N & E
Napoléon & Empire

Le tourisme napoléonien

D'une île à l'autre

C'est ainsi que Napoléon lui-même, au soir de son existence, aurait pu évoquer ses extraordinaires pérégrinations l'ayant amené, de sa Corse natale, à l'île d'Elbe puis à Sainte-Hélène, où il finit sa vie.

Entre ces séjours insulaires, pas moins de trois continents furent le théâtre de ses exploits, des déserts d'Asie et d'Afrique lors de l'exotique aventure égyptienne, aux quatre coins de l'Europe, et jusqu'à ses limites à l'occasion de la campagne de Russie.

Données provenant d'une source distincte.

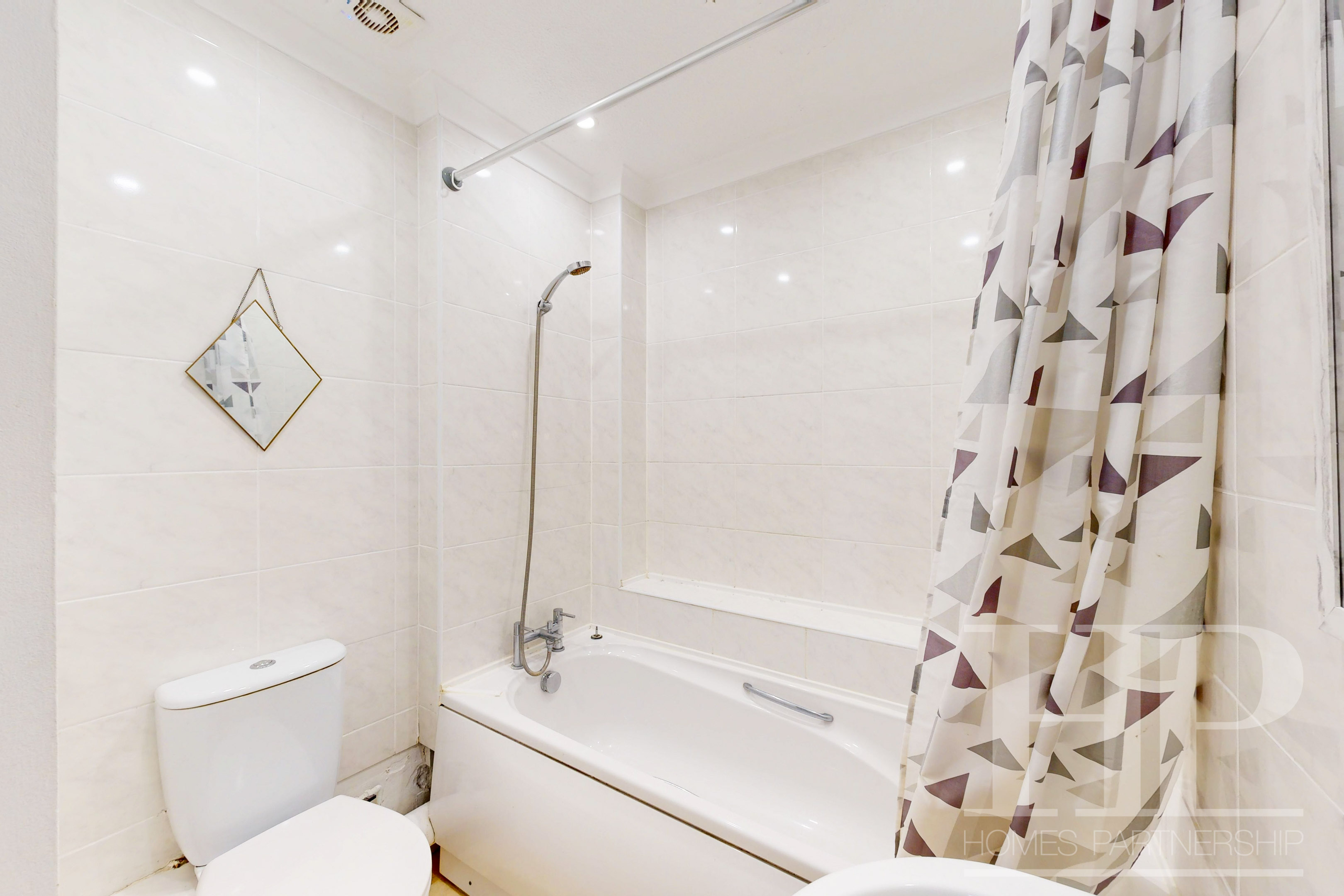 - Bathroom fitted with a white suite with a shower over the bath

Notre site web, qui propose un outil inédit de géolocalisation de chaque lieu où s'est trouvé Napoléon à chaque jour de son existence (© 2014-2015 Lionel A. Bouchon), illustre de manière fantastique leur liste que d'autres auteurs avaient publiée dans des ouvrages de référence.

Autant de lieux à visiter pour le touriste napoléonien, une espèce loin d'être en voie d'extinction, au bout de deux siècles.

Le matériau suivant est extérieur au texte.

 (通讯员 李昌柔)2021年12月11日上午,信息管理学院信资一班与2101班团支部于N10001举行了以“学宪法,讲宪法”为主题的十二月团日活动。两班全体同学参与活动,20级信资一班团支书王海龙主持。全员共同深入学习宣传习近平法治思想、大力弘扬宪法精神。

Les champs de bataille sont bien évidemment les lieux qui l'attirent le plus, il n'est qu'à voir avec quel engouement la Belgique a commémoré le bicentenaire de la bataille de Waterloo. Et quelle émotion en parcourant le Chemin des Dames sur le plateau de Craonne, ou en voyant le soleil d'Austerlitz se lever au-dessus de celui de Pratzen !

Il y a aussi les lieux plus paisibles que Napoléon a fréquentés, dans son enfance (la Corse, Brienne ...) ou au début de sa carrière (Auxonne, Valence ...) puis à travers l'Empire ou le Royaune d'Italie : châteaux où il a séjourné, paysages qu'il a traversés, routes et cols qu'il a empruntés, par exemple lors de son extraordinaire "vol de l'Aigle" de 1815.

Mais l'Empire ne se limite pas à l'Empereur, comme le titre de ce site web le résume si bien : la famille impériale, les officiers, les hommes politiques, les savants, les artistes, les ennemis même, tous ont contribué à forger la légende de l'ère napoléonienne, période unique dans l'histoire de l'humanité, où tout semble avoir été possible ... On se remémorera alors ces personnages à travers leurs lieux de naissance, leurs demeures, les plaques et statues les représentant, sans oublier d'honorer leur mémoire en se recueillant sur leur sépulture.

On reconnaît également le touriste napoléonien au fait qu'au retour de chacune de ses expéditions, après avoir posé ses valises et visionné les photos et vidéos qu'il en a ramenées, il ferme alors les yeux, visiblement heureux, et murmure inévitablement : Où vais-je aller, la prochaine fois ?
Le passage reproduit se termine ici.